There are a variety of fee waiver strategies but, in general, it works like this: General partners agree to commit a certain amount of personal capital into a new fund, in order to both increase fund size and tighten the alignment of interests with LPs. Rather than fully funding this out of their own bank accounts, however, they simply funnel a percentage of incoming management fees into fund commitments. Sometimes the specific amounts are set upfront at the time of fundraise, sometimes they are done on a year-to-year (or even quarter-to-quarter) basis.

Why do this? Because private equity execs are required to pay ordinary income tax rates on management fee-related income. But if the management fees are converted into fund commitments, eventual proceeds would be taxed at lower capital gains rates. In other words, they evade double-taxation (you know, the same thing everyone else deals with when making investments with money we earned from our jobs). Here is what I wrote about this in August 2012:

Bain and certain other firms justify this aggressive method by pointing to IRS ruling 93-27. Tax attorneys I’ve spoke to differ on the legitimacy of such reliance, and on the broader validity/fairness/etc. of such tax treatment. What they do agree on, however, is that the IRS has allowed such activity to continue unabated.

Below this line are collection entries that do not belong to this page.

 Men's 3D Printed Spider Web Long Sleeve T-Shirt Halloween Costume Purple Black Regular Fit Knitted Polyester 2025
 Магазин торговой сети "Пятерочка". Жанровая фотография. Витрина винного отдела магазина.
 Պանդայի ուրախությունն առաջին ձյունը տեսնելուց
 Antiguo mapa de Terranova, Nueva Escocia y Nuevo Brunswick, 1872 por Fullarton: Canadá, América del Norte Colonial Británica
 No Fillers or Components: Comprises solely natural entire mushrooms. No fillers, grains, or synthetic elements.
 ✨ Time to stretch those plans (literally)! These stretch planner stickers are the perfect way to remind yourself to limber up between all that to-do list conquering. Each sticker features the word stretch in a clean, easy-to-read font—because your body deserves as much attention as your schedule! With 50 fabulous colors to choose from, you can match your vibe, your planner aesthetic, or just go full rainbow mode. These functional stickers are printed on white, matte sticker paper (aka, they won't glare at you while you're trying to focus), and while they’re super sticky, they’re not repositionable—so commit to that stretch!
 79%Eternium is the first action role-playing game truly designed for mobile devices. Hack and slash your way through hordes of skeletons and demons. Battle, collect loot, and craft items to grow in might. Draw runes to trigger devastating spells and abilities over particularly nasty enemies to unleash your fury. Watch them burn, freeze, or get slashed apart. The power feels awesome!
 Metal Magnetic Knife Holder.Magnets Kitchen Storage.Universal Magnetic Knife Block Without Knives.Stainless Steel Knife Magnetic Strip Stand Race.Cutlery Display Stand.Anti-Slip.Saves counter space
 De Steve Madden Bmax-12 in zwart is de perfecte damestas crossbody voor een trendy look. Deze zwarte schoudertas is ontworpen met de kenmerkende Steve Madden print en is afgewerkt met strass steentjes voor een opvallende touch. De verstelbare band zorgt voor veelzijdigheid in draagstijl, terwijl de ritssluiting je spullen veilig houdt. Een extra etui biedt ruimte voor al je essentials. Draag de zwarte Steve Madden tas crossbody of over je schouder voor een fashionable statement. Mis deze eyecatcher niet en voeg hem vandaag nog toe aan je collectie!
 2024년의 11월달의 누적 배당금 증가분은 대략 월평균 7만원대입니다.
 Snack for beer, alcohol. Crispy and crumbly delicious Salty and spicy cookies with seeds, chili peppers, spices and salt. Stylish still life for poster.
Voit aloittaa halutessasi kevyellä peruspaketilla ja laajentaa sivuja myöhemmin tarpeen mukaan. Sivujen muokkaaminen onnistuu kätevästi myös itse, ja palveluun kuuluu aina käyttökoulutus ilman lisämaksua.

Last month, however, the issue of management fee waivers appeared on an IRS and Treasury Department Guidance Plan agenda. Then, IRS special counsel Cliff Warren (a onetime KKR exec) said the following during a tax-planning forum in Chicago (according to Tax Notes):

The rule “is going to cover every kind of fee waived under section 707(a)(2), but obviously we’ll be focusing on managed funds where that activity is common.”

The IRS declined to make Warren available for an interview, but I did speak with Bahar Schippel, a tax attorney who was present for Warren’s comments. She tells me that Warren seemed to favor the idea of narrow guidance rather than prohibiting all fee waivers, but adds that there was significant discussion about how difficult such a ruling would be to write (from both a language and justification point of view). Moreover, another source tells me that this difficulty has caused some within the IRS to favor a blanket ban.

Also not yet known is if the new regulation would be retroactive (read: audits), although it almost certainly would apply to already-raised funds that are doing forward-looking waivers.

Expect that when the rules do come out, that there would be a comment period of several months before they are codified.